Евангелие отца
Шрифт:
Кардиналы молчали. Он говорил ересь, но если и настало время ереси, то пусть она прозвучит именно здесь и не выйдет за пределы этого зала, как может не выйти за его пределы этот человек. Разное случалось в истории Церкви. Бывало и так, что приходилось жертвовать дарованной Господом жизнью ради Истины и Веры. В конце концов, что стоит одно сердце заблудшего? Девять евро за килограмм. Пусть говорит – мы послушаем. Каждый сам выбирает конец своего пути – Господь не спорит: у Господа в этом смысле демократия.

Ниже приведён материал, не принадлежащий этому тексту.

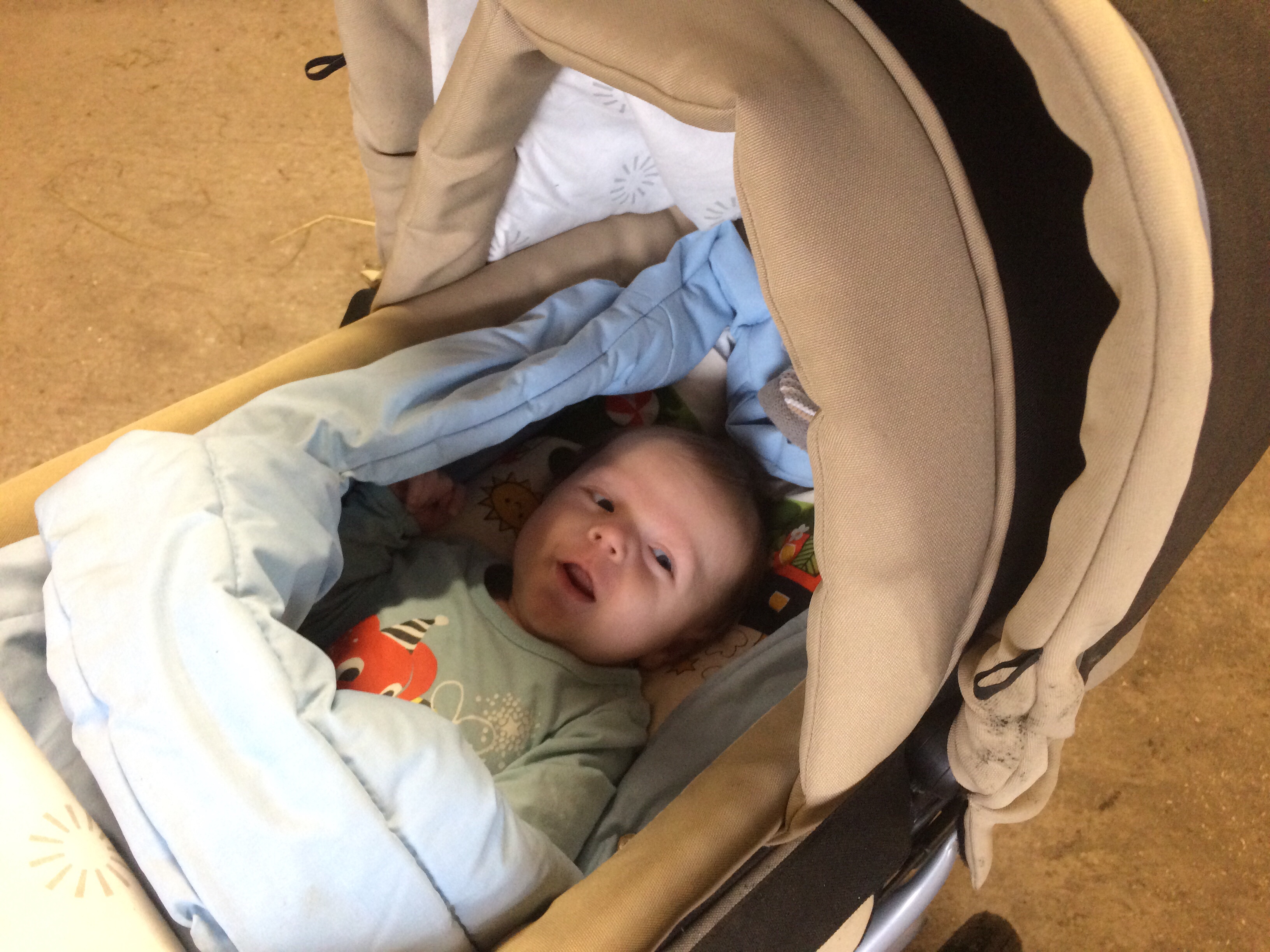 Ingen sömn där inte trots en ”insomningspromenad” med sällskap av Alice. Han var ganska glad i alla fall så jag hann borsta Alice och mocka ligghallen plus lite av grusplanen innan han tröttnade på att titta upp i stalltaket. Det blåste även rätt bra ute så det var ganska skönt att gå in.

Хотя, все может оказаться и не так – этот человек знает зачем пришел – пусть говорит.
Но, хитрый кардинал ди Корсо! Он знал о нем, и о нем не знали они! Хотя, может быть, он совершенно ничего не значит и его роль
– Вам хватило времени, кардиналы мысленно меня распять? Хотя, вряд ли смерть на кресте, подобная смерти вашего Учителя…. Ну, вы меня понимаете. Правда, если вы вернетесь к ее истинной цели: распятию, как позорной казни для вора, самозванца…, ну, или просто сильно заблуждающегося человека…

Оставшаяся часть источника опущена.